酒場に向かった2人でしたが、自分の帽子を被った男を見つけたペイドンが、その男を撃ち殺し、ジェイクと同じ牢屋に入れられてしまいます。

その夜、エメットは処刑台に火を放ち、牢屋番を痛めつけて脱出したペイドンとジェイクと共に逃亡しました。


3)マルの参加

ラングストンは、捜索隊を編成し3人を追うが、彼に町を追い出されたマルが、彼に加勢し捜索隊を追い払います。

そして、エメットらはマルを仲間に引き入れてシルバラードに向かうのでした。

 

f:id:mattyanp2016:20201215163037j:plain

 

途中4人は、金を奪われた幌馬車隊のホバート(ブライオン・ジェームズ)らに出会います。

エメット達はジェイクを幌馬車隊の道案内に残し、金を奪い返しに向かいました。

ドーソン(ジェームズ・ギャモン)が率いる、金を奪った無法者集団を見つけたエメット達は、一芝居打って集団を罠にかけ、現金を奪い返しました。

幌馬車隊に合流したエメット達でしたが、彼らに同行して無法者に命を奪われた男の妻ハンナ(ロザンナ・アークェット)とペイドンが親密になりました。

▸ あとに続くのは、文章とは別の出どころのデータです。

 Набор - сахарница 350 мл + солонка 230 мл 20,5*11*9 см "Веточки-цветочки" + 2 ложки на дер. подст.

シルバラードに向かったエメットは途中マルと別れ、ペイドンはハンナを開拓地に送ることになり、エメットは、ジェイクと2人で町に向かい、ペイドンを待つことになりました。


4)シルバラードでは

故郷の家に向かったマルは、父エズラ(ジョー・セネカ)と再会しますが、母親は死に、立ち退きを迫る牧場主イーサン・マッケンドリック(レイ・ベイカー)に家は焼かれていました。

シルバラードに着いたペイドンは、酒場の女主人ステラ(リンダ・ハント)に出会い、コッブがその酒場のオーナーで、町の保安官をしていることを知るのでした。

 

f:id:mattyanp2016:20201215162630j:plain

 

翌日、父エズラをマッケンドリックの手下に殺されたマルは、復讐のためにシルバラードに向かいました。

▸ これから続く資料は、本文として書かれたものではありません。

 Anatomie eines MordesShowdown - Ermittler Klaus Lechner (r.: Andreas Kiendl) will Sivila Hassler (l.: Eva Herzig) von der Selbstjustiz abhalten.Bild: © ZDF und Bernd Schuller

姉ケイト(パトリシア・ゴール)一家の自宅に戻ったエメットは、町でペイドンと再会します。

ペイドンは、酒場の用心棒として雇われることになるものの、職を与えたコッブの強引且つ残虐な手法に眉をひそめるのでした。

町の女に成り下がっていた妹レイ(リン・ホワイトフィールド)を尋ねたマルは、彼女に父親の死を伝えますが、家族を捨て家を出た兄を、レイは許しませんでした。


5)しかけられた罠

幌馬車隊の開拓民のパーティーに出席したエメットは、実はハンナに心を寄せていたことを、彼女に伝えようとするのですが、そこで、マッケンドリックの手下の襲撃に遭いましたが、エメットはジェイクと共に応戦し、何とか敵を追い払うことができました。

町でマッケンドリックに出くわしたエメットは、出所後に自分を殺そうとした男達が、彼の手下だということに気づきました。

マッケンドリックと通じているコッブは、エメットとジェイクを追い払うために、ペイドンに手出しをするなと忠告します。

エメットは、保安官補タイリー(ジェフ・フェイヒー)らからリンチ受けますが、そこにマルが現れて彼を救い出しました。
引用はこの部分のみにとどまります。